Castles of Lithuania
Lithuania was
a land of wooden castles. Those wooden castles were the residences of the
dukes and the main type of defensive fortifications. Lithuania defended
itself against the aggression of the Teutonic Order by building wooden
castles. It was not only defending its territory against the Order but
also its independence. The legendary castle of Voruta, from which
Mindaugas repulsed his enemies’ attack, the famous castle of Veliuona –
the main Lithuanian outpost in the war with the crusaders – and a lot of
other castles were wooden castles.
The wooden castles vanished
after they had performed their role, and merely the hillforts remained.
There are about 450 late hillforts in Lithuania today – during the Middle
Ages, most of them had castles built within their ramparts. Only little
information on the appearance of the wooden castles has survived – some of
it is supplied by archaeological research, some by later monuments of
wooden architecture (for example, bell towers of wooden churches may have
preserved architectural traditions of castle towers). Their analogues, the
Russian castles, are also valuable – some wooden castles of the 17th
century have survived in Siberia up to the present day. The historical
sources have preserved information about Lithuanian carpenters having
participated in their building*. They were famous for their skills in the
whole of Eastern Europe (it is not an accident that the Lithuanian word
"dailidė", carpenter, took root in the Belarusian language as "dojlida").
Brick castles appeared in
Lithuania in the 14th century. There were only a few of them
though, and they were built by German craftsmen. The sovereigns had them
built as their priority was to fortify the nucleus of the state. Kaunas,
Grodno, Novogrudek, Lyda, Kreva, and Medininkai castles surrounded Vilnius
(the capital) and Old and New Trakai, which were the main centres of the
state, from the West, South and East.
The most magnificent one was
the castle of Trakai, built in 1409. Vytautas built it with the assistance
of German craftsmen on Galvė Lake Island.

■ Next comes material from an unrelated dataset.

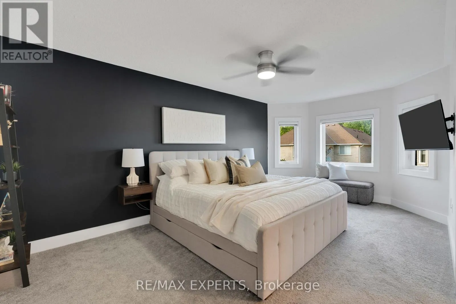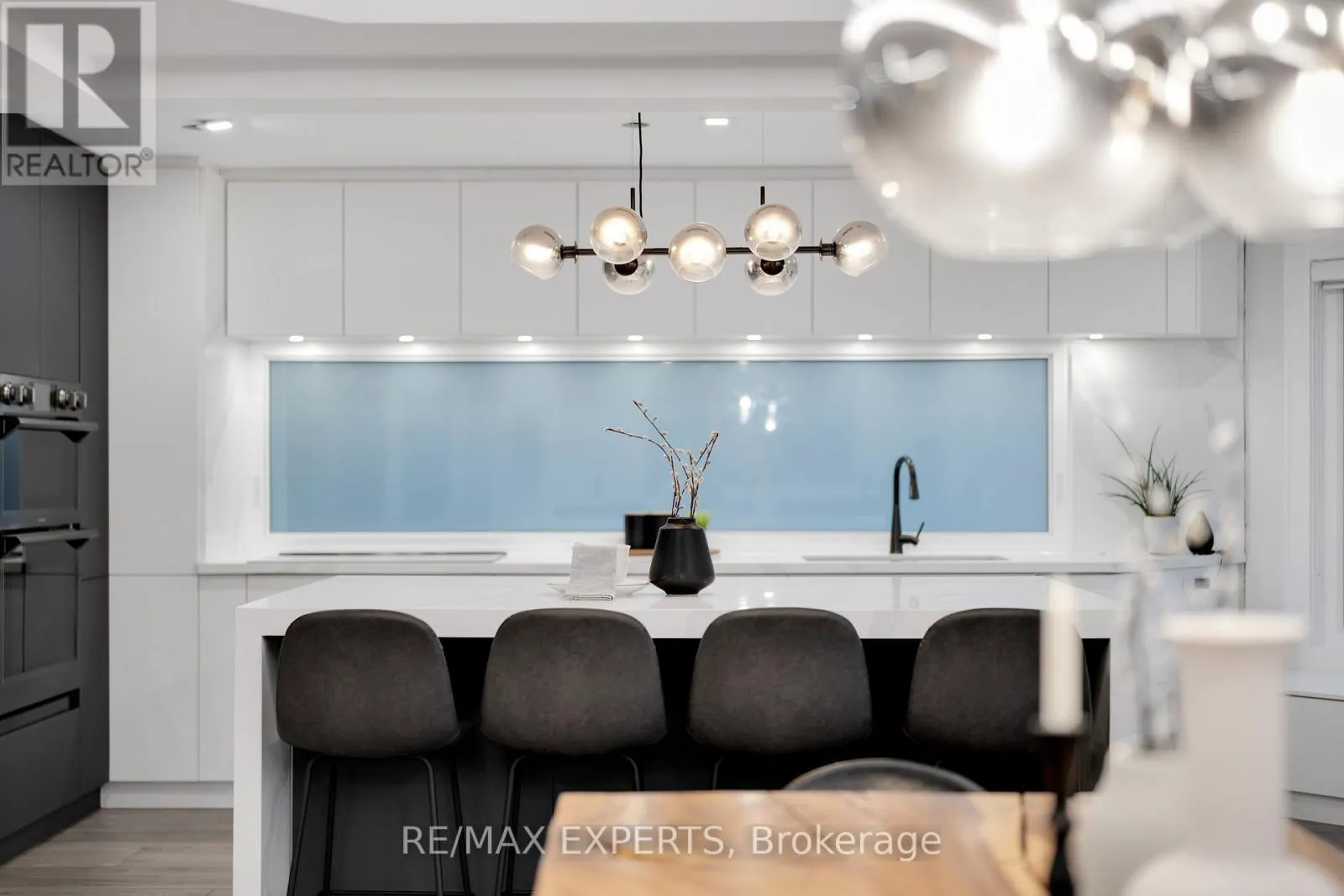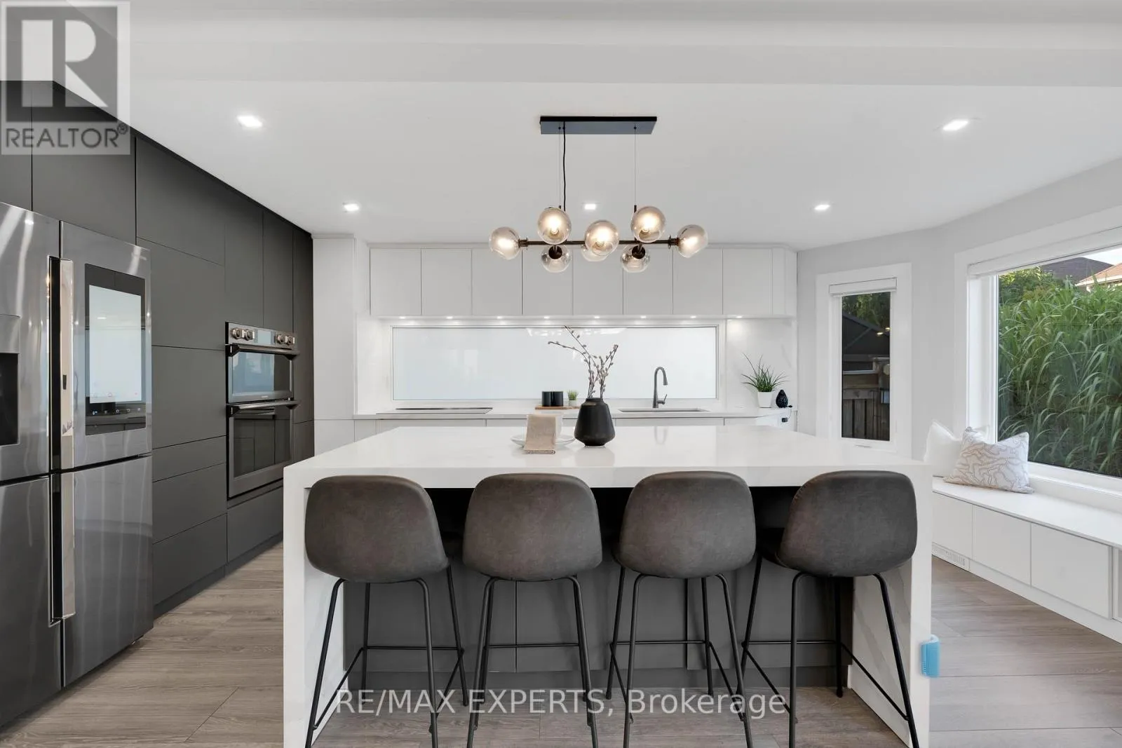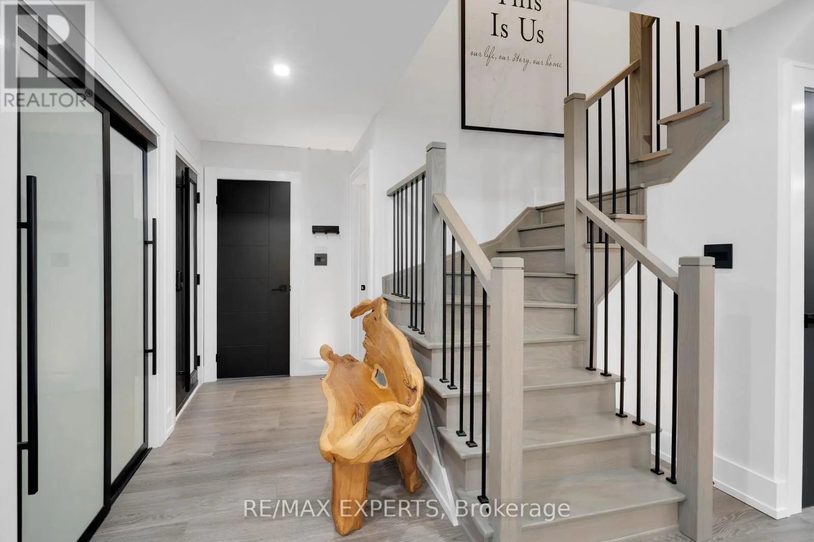 Harvestmoon/King Welcome to refined modern living in the heart of sought-after Bolton West. This exceptional detached residence showcases striking curb appeal, a double-car garage, and a beautifully landscaped lot that sets the tone for the elegance found within. Step inside to a fully customized interior where meticulous attention to detail is evident throughout.The open-concept main floor is anchored by a stunning chef-inspired kitchen featuring a dramatic waterfall island, premium built-in appliances, and a sophisticated combination of matte oak and crisp white cabinetry. Oversized windows bathe the space in natural light, highlighting the designer finishes and wide-plank flooring.The seamless flow between the kitchen, dining, and living areas creates an ideal setting for both everyday living and entertaining. Contemporary lighting and clean architectural lines further enhance the home's modern aesthetic.Thoughtfully upgraded from top to bottom, this turnkey home offers luxury, comfort, and style in one of Bolton's most desirable family-friendly communities. (id:27476)

Its fame spread widely, and in
the middle of the 15th century the Duke of Tver', Boris
Aleksandovich, decided to build a similar castle in his duchy. As the
"Story" of monk Foma goes, "he built... a castle in the middle of a lake,
and named it Troki"**. Thus the castles of Lithuania – both wooden and
brick ones – were an example for Russia and influenced the development of
the Russian castles.
Tomas Baranauskas
________________
* Крадин Н. П. Русское деревянное оборонное зодчество. Москва,
1988, c. 79.
** Раппопорт П. А. Очерки по истории военного зодчества
северо-восточной и северо-западной Руси X–XV вв. Москва; Ленинград, 1961,
c. 213, 217. (Материалы и исследования по археологии СССР; № 105).